Irish legislators have declined to institute the standard European hierarchy of urban speed limits, which include limits of 10, 20 and 30 mph.    They have also declined to introduce "Home Zone" legislation.  Home Zones are pedestrian/cyclist priority residential areas in which cars must drive at walking speed and where motorists are automatically liable if they cause any injuries.  There are over 6,500 "Home Zone" schemes in place in the Netherlands [6] .  In many European towns "tempo 30" zones are used with an enforced speed limit of 20mph (30 kph).  These are applied on local roads and also around schools, colleges and shopping districts.  Up to 80% of urban streets in the UK might be suitable for the application of 20mph speed limits [7] .  A similar proportion is likely in Ireland.    In contrast to Ireland, the police and the local authorities of other northern European countries work to ensure that children have safe routes to school.   

Causes: Absence of enforcement, inappropriate enforcement. 

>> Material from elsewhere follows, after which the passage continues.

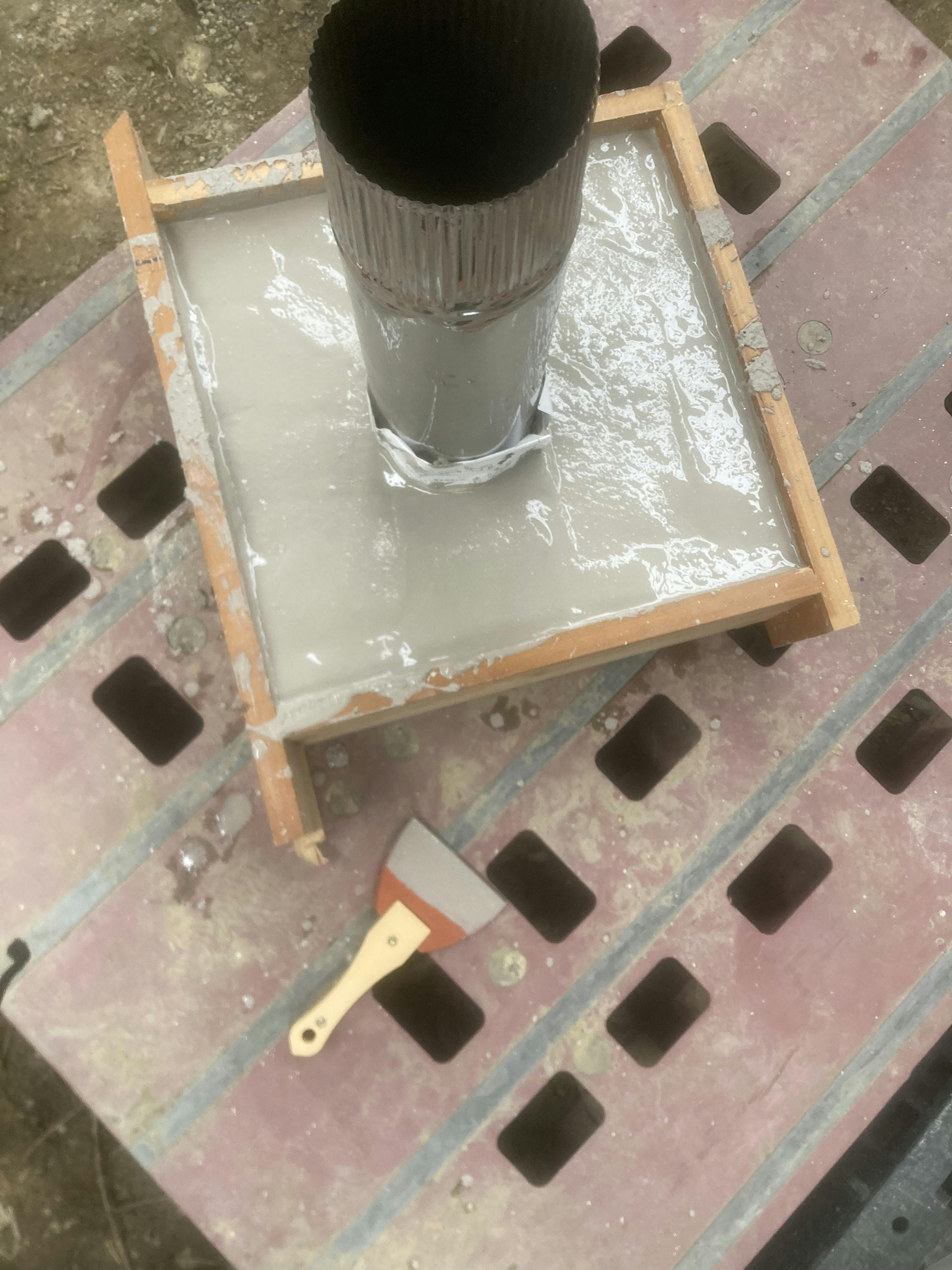 2024/03/20 19:51アサヒキャスターに水を加え練り込み、木製の型枠に流し込み、煙突を通す穴を作りました。完成は1週間ほど乾燥してからになります!アサヒキャスターは最高使用温度1500℃(常用温度1300℃)ということで、薪ストーブを向かい入れる準備は万端です♪ もっと見る

In Ireland, there is an apparent policy of non-enforcement of the speed regulations on urban roads.    According to the NRA 68% of motorists speed on residential roads, the average free speed of cars on main roads in 30mph zones is 45mph [8] .    At these speeds a pedestrian struck by a car has less than a one in ten chance of survival.    There is a general absence of speed traps, speed cameras and red light cameras in urban areas.    Although announced in 1998, the government has yet to implement a penalty points system.     Instead millions of pounds have been pumped into compulsory car testing although vehicle defects cause only 1% of fatality/injury accidents [9] .    Various authorities are pushing a compulsory seatbelt law despite a lack demonstrable benefits and widespread evidence of dire effects for those outside cars such as pedestrians, cyclists and moped users [10]

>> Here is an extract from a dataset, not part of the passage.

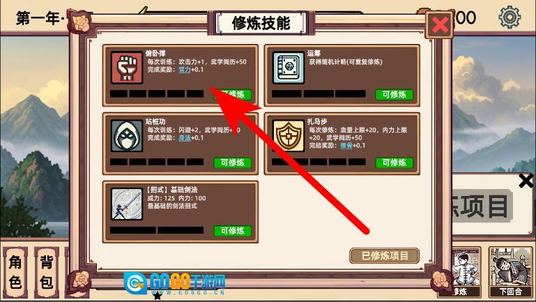 3、在修炼技能页面,选择要修炼的技能,点击对应修炼按钮。

Causes: Media collusion and victim blaming

The print and broadcast media derive significant advertising income from the motor trade and property developers.    They return the favour by actively selling unfettered car culture and suburban sprawl as admirable and laudable indicators of "progress".    This message is sold in motoring and property supplements and in car centred "traffic" reports and "drive time" programmes.    The alternatives are played down while there is reason to believe that the negative effects are routinely suppressed.     Journalists will report on the issue of speeding on interurban roads but the wide spread law breaking in urban areas seems less newsworthy.    Although the official press statements may indeed admit the level of child deaths, the newspapers will neglect to refer to the issue.    When road safety campaigners speak out, the reporting journalists may censor out references to the level of child deaths or report this as a "claim".    When "safety campaigns" are announced they invariably focus on the behaviour of the children.    The importance of children "obeying the rules" and wearing the "right clothes" is emphasised in official leaflets and patronising articles from health/motoring journalists.    The fact that the rules are routinely ignored by the motorists who kill them seems irrelevant.                           

        

Galway Cycling Campaign, March 2001,

The Galway Cycling Campaign can be contacted c/o the One World Centre, The Halls, Quay St, Galway


[1] Source: Tomorrow's roads: safer for everyone, The Government's road safety strategy and casualty reduction targets for 2010, UK Department of the Environment, Transport and the Regions, March 2000

[2] Census of Population 1991

[3] Irish Junction Design Practice, An Information Sheet, Galway Cycling Campaign, Feb 2001. 

[4] RT.  181 Geometric Design Guidelines (Intersections at Grade), National Roads Authority 1997

[5] Design Manual for Roads and Bridges, Vol.  6- Road Geometry, Section 2-Junctions, Part 6, TD 42/95 Geometric Design of Major/Minor Priority Junctions. 

[6] Home Zones Briefing Sheet, Robert Huxford, Proc.  Instn.  Civ.  Engrs.  Transp.  135, 45-46, Feb, 1999

[7] Briefing Sheet, Child pedestrian safety in the UK, by Robert Huxford, Institution of Civil Engineers , Jan.  1997

[8] RS 453 Free Speeds on Urban Roads, National Roads Authority, July 2000. 

[9] RS 433, Road Accident Facts 1996, National Roads Authority, 1997

[10] Seatbelt Laws, Why you should be worried, Galway Cycling Campaign, November 2000.